1. «Человек предполагает, а Бог располагает», – говорят многие. Говорят правильно, но не верят в то, что говорят. В этом основанном на опыте жизни неверии в свои силы и вере в вышнее предопределение не было бы ничего парадоксального, если бы это говорилось не полушутливо, а поскольку несерьезность выдает истинное незрелое состояние сознания, то и получается как бы вера при полном неверии или, если короче, парадокс получается. Так выстроился наш ментальный мир, по образу и подобию, что везде, куда ни кинь мысленный взор, одни сплошные парадоксы. Разобраться  в них человек, как показывает практика, не в состоянии. Умнейший из умных, каким был Лев Толстой, всякий раз зависал, когда приближался к разгадке. Зависнуть, решая задачу жизни и смерти, это гораздо хуже, чем зависнуть операционной системе в компьютере. «Исповедь» Толстого, где он в конце повисает между небом и землей на помочах в положении, в котором нельзя шевельнуться, не рискуя ухнуть в пропасть, это зависание умственное. Поняв, что через человека не решить столь высоко поставленную задачу, Творец опустил задачу на уровень ниже. На уровень ниже, конечно, далеко не то, это как с 288 этажа опуститься на 144, но и 144 для нормально развитого человека тоже достаточно сложно. 144 этаж достался Достоевскому. Достоевский приводит слова человека, с которым он разговаривает на водах в Эмске и которого называет парадоксалистом:

 – Это вы правы, – сказал он мне. – Эту здешнюю толпу как-то любишь и даже не знаешь за что.
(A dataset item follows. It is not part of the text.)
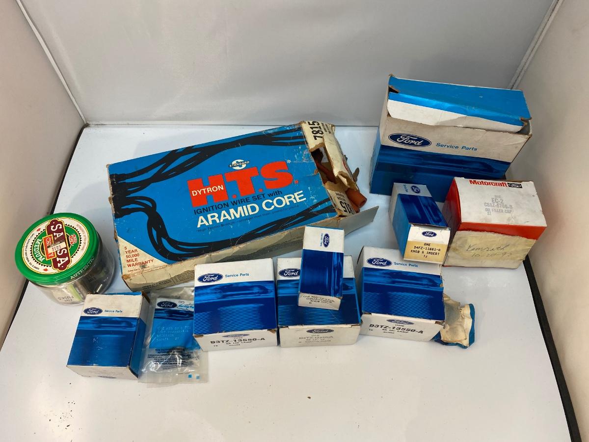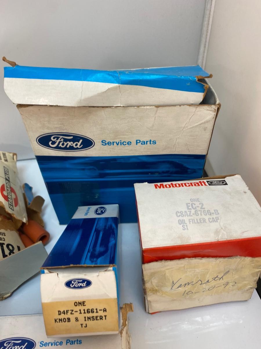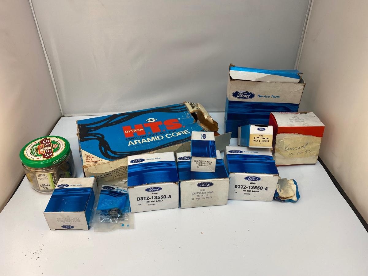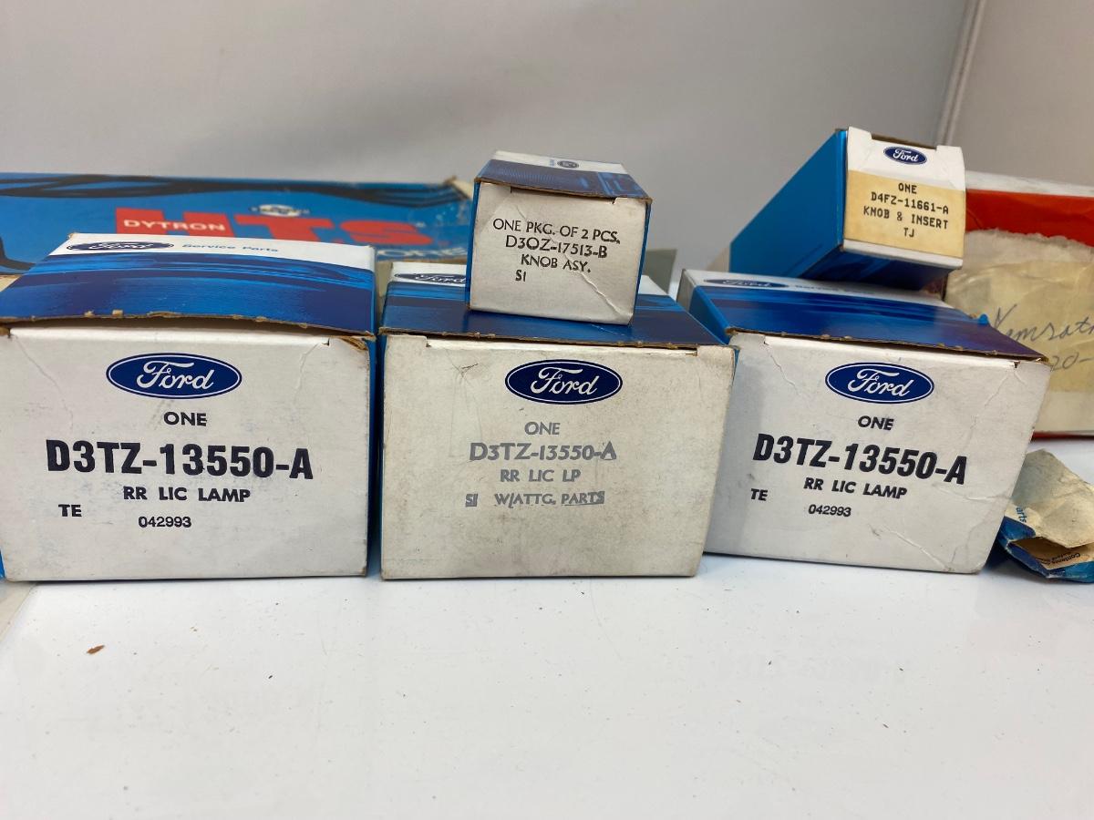 Mixed Lot of Vintage Ford Car Parts. Various parts, look unused. Part numbers come up as parts for late 1970s Broncos, F100, and F250 compatible. Headlight knobs, license plate lights, door latch all fit those years.

Да и везде как-то любишь толпу, разумеется, фешенебельную, сливки. Можно не якшаться ни с кем из всего этого общества, но в целом – ведь ничего пока лучшего на свете нет.

– Ну, полноте…

– Я с вами не спорю, не спорю, – согласился он поскорей, – Когда настанет на земле лучшее общество – и человек согласится жить, так сказать, разумнее, то мы на это теперешнее общество и посмотреть не захотим и помянуть даже не захотим, разве только два слова во всемирной истории. Но теперь-то что вы, вместо него, можете представить лучшего? (стр.291, «Дневник» М., «Современник», 1989, стр.145).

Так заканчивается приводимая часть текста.